Though it creates new knowledge, there’s an economic dividend too from Cern. “You can’t be part of that knowledge unless you are in the club creating it,” says McNulty. He is critical of Ireland’s attitude to science: we want to jump on the bandwagon and spin-off new knowledge to make money, but it is difficult to be a leader if you are not part of the knowledge creation.

Lithuania joined Cern early this year as an associate member, while Estonia and Latvia have begun the process of joining. Ireland is left in the company of Malta, Luxembourg and Iceland; none of which has a substantial particle physics community.

“If you look at the map of Europe, Ireland does stand out now in not being a member or associate member [of Cern],” says Tsesmelis. “A lot of the remaining countries like the Baltic States and countries in the southeast of Europe have joined.”

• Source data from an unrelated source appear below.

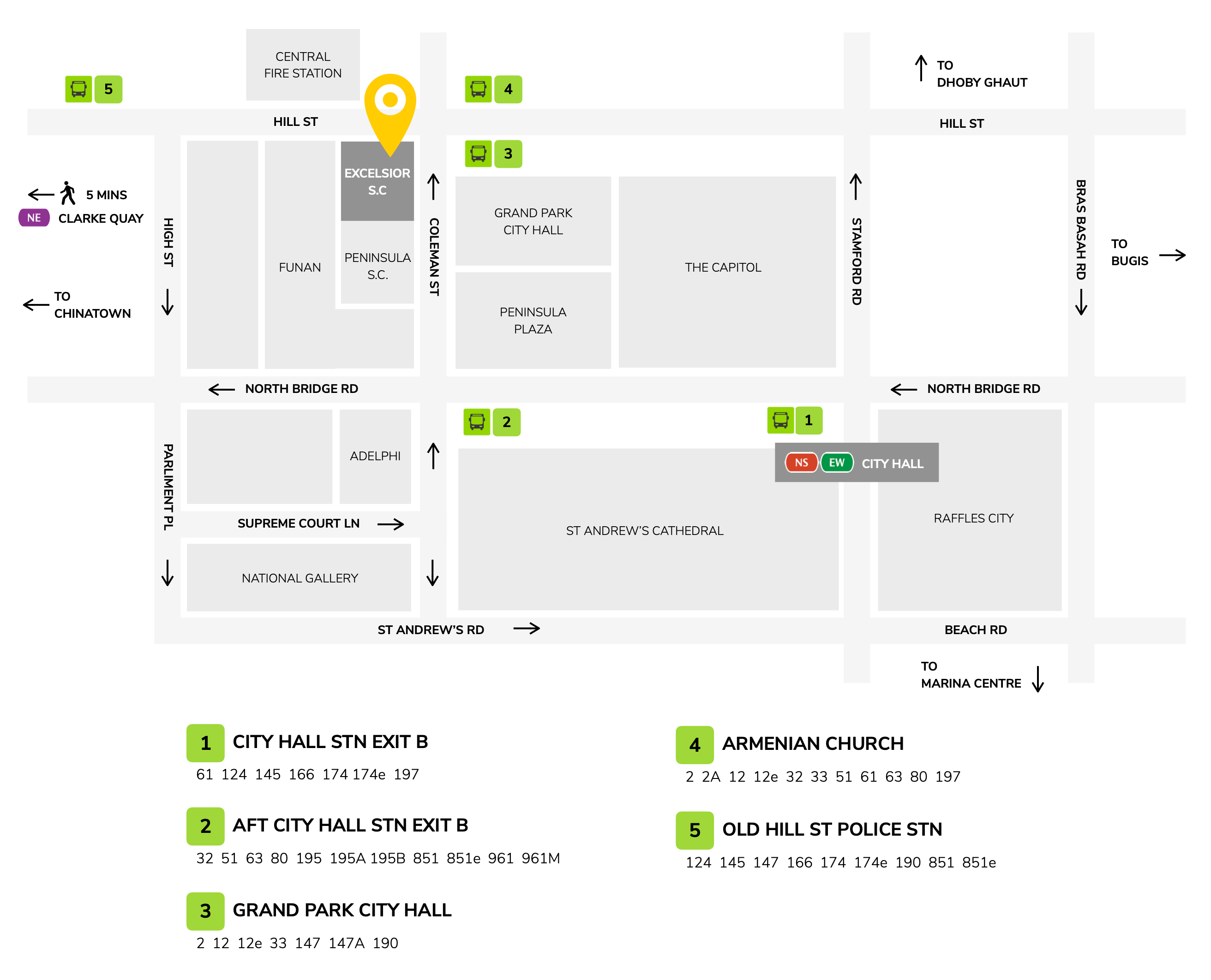 - City Hall (North-South/East-West Line): 5 min walk along North Bridge Road and Coleman Street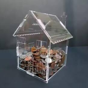 É uma caixa de acrílico estilizada e funcional, com design decorativo, usada para armazenar dinheiro de maneira criativa e planejada.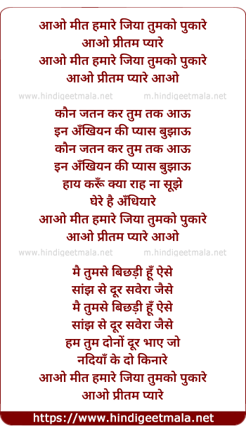 Lyrics of Aao Meet Hamare Jiya Tumko Pukare - आओ मीत हमारे जिया तुमको पुकारे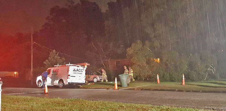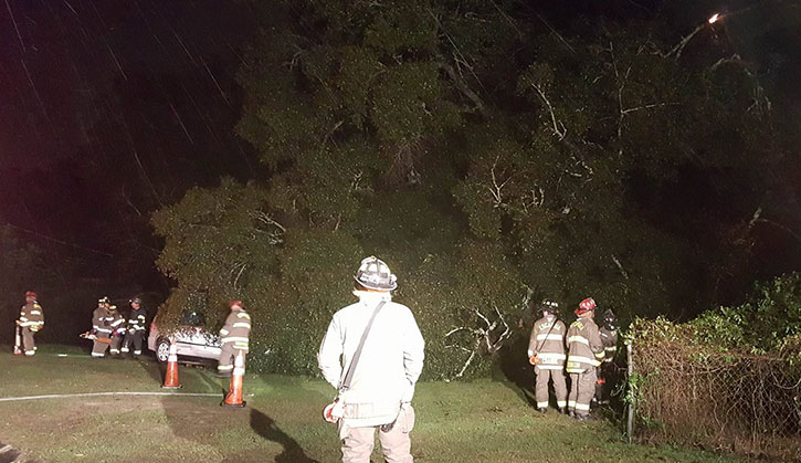 A tree fell onto a house on Flagler Driver Friday night, bringing down power lines. Neighbors said the elderly couple inside the home was able to make it out safely. At one point, the live power line sparked a small fire in the tree’s branches. NorthEscambia.com photos by Kristi Barbour, click to enlarge.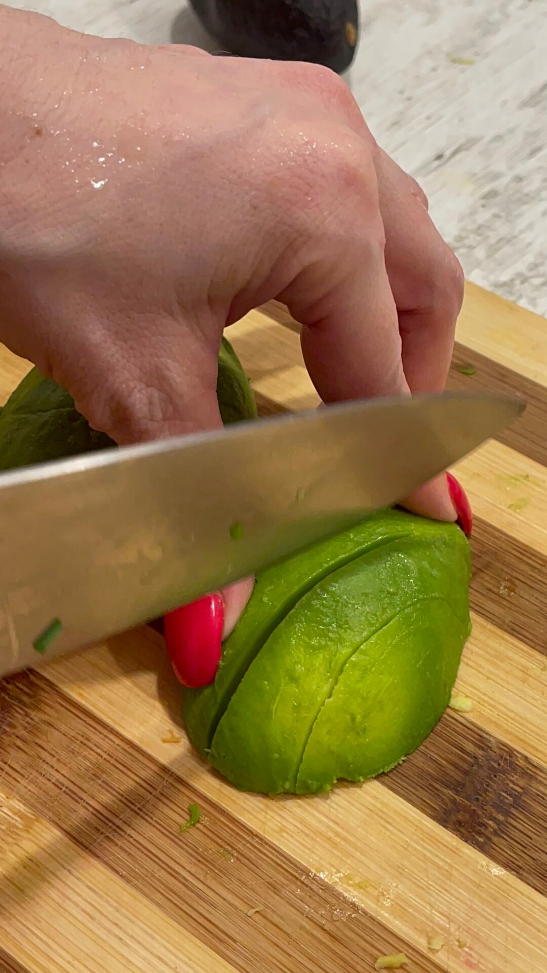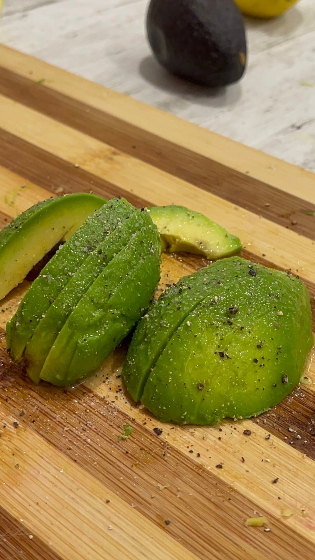 - Next we deal with avocados. Cut it in half, remove the seed and cut it into slices. Sprinkle the avocado slices with lemon juice, add salt and pepper and then arrange the slices nicely on top of our salad. The creamy texture of the avocado will combine perfectly with the rest of the ingredients in the salad, so it is important not to remove it from the salad.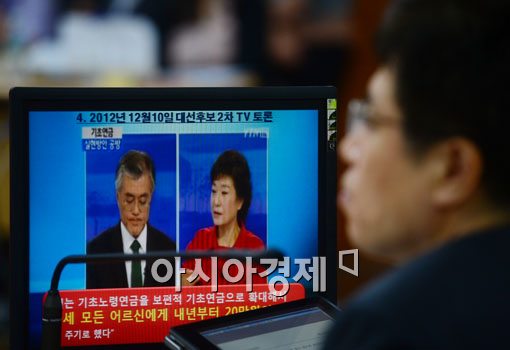 [아시아경제 백소아 기자] 국정감사가 시작된 14일 서울 종로구 보건복지부에서 열린 국정감사에서 정승조 민주당 의원이 지난 대선토론회 화면을 참고자료로 보여주고 있다. 보건복지부 국정감사는 박근혜 정부의 복지공약 후퇴 논란을 둘러싼 여야 공방이 불붙을 것으로 예상된다.백소아 기자 sharp2046@asiae.co.kr<ⓒ세계를 보는 창 경제를 보는 눈, 아시아경제(www.asiae.co.kr) 무단전재 배포금지>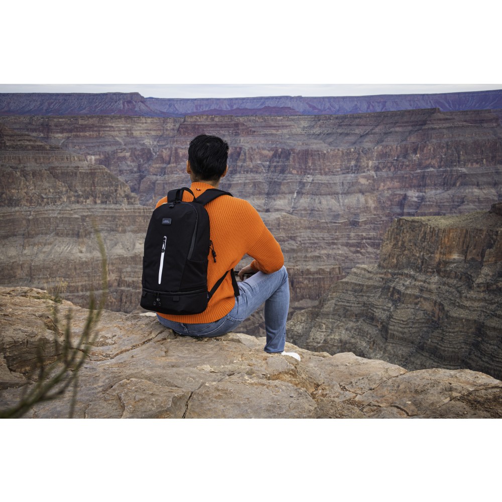 A Nomad hátizsák újrahasznosított PET-palackokból készült, és városi kalandokhoz, egynapos túrákhoz és utazásokhoz használható. Izoterm zsebe az ételeket hűvösen vagy melegen tartja. Több zsebbel is rendelkezik a rendszerezéshez, a belső tokban elfér egy ivótasak vagy egy 15,6"-es laptop. Légáteresztő, ütéselnyelő párnázott hátrésze gondoskodik a kényelemről, míg az állítható oldalzsebek vizespalackok vagy esernyők tárolására alkalmasak. Víz- és folttaszító fényvisszaverő elemekkel a közlekedésbiztonság érdekében.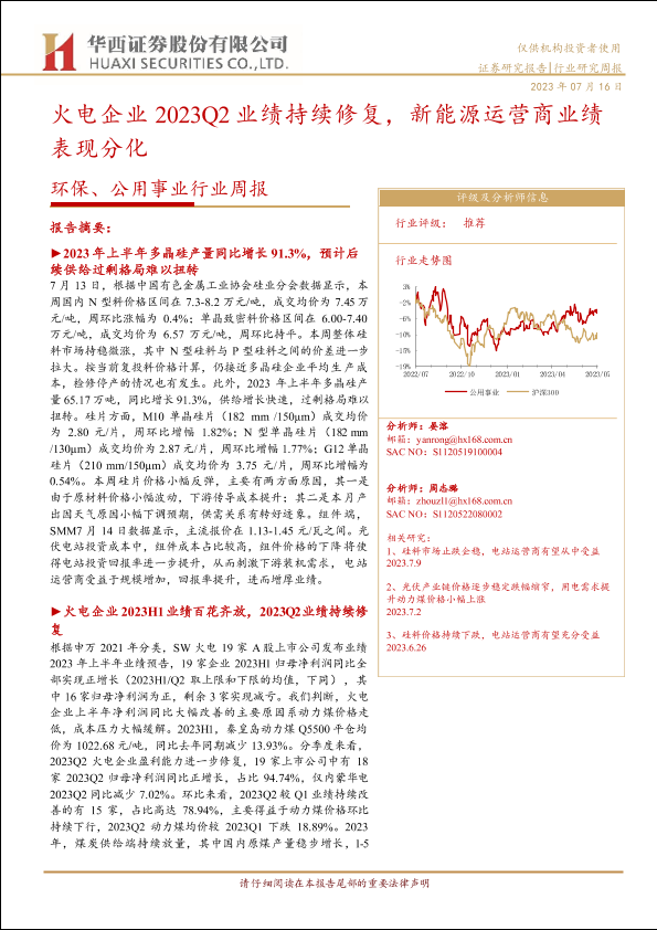 【华西证券】【20230716】环保、公用事业行业周报:火电企业2023Q2业绩持续修复,新能源运营商业绩表现分化-22页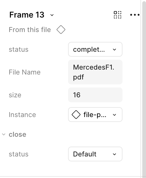 현재 상태, 파일 이름, 파일 사이즈, 파일 종류 아이콘, close 버튼 프로퍼티를 네스티드 인스턴트로 가져왔다 !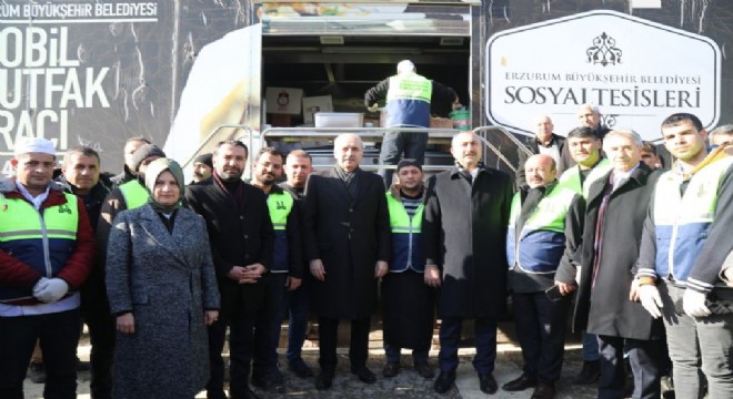 Erzurum Büyükşehir Belediyesi’nin deprem bölgesi Elazığ’a gönderdiği mobil mutfakta on binlerce kişiye sıcak yemek ikramında bulunuldu.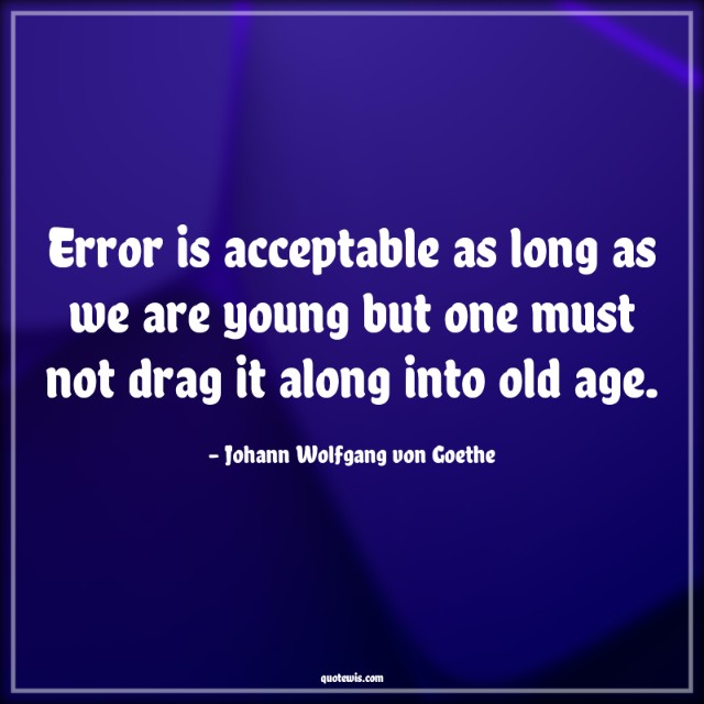 Error is acceptable as long as we are young but one must not drag it along into old age.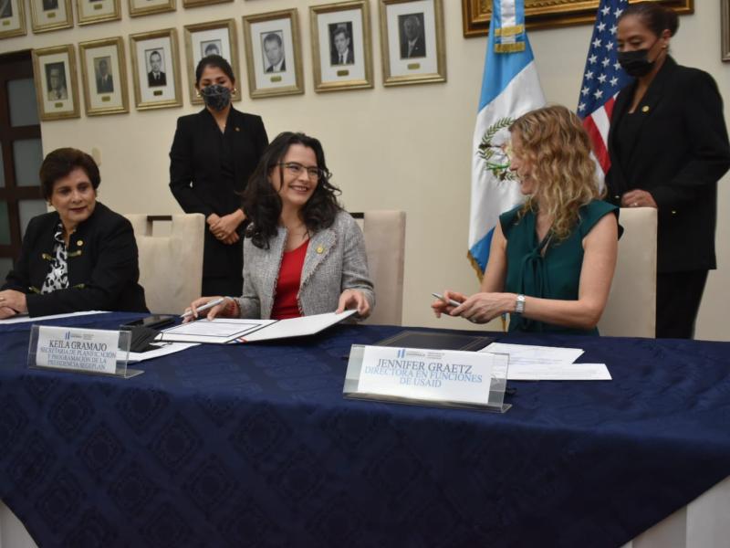 La firma del convenio estuvo a cargo de la Secretaria General de SEGEPLAN, Luz Keila G. Vilchez y la directora de USAID, Jennifer Graetz.

Scientists and students in Ireland are barred from staff positions at Cern. Irish teachers and students miss out on training and workshops, while university students are excluded from placements and apprenticeships at one of the best research facilities in the world. “These things probably have a deeper impact into society,” says Tsesmelis.

Contracts lost

There are the economics too. Much of Cern’s €1 billion budget goes on procurement from companies in member states. “If Ireland contributed €1 million per year, that can easily be returned in terms of high-tech equipment purchased from Ireland in industrial contracts,” Tsesmelis adds.

The firm that built vacuums at Cern came up with a sea-change in solar cell technology, while one involved in its powerful magnets leads in NMR machines for hospitals. Cern, which invented the world wide web in 1989, is also a leader in big data and sensor tech.

“Cern estimates that for every euro spent you get three euro back. Joining would allow Ireland access those contracts and our businesses would do well,” says James Lawless, Fianna Fáil spokesperson on science and technology, who visited Cern earlier this year. He argues Ireland has a moral obligation to join also.

“If Ireland is serious about being part of the international science community, then we ought to be part of Cern. In the developing world, we are increasingly isolated by not being a member,” Lawless adds. “It is almost embarrassing to see the list of countries who are members, while we are not.”

Cern received a letter from the Government in 2016 expressing an interest in joining, but a letter last December stated Ireland would not join for now, due to financial constraints. It costs €1 million by way of annual contribution.

Many scientists and high-tech companies based in Ireland believe it adds up to a disappointing squawk against our commitment to a knowledge economy.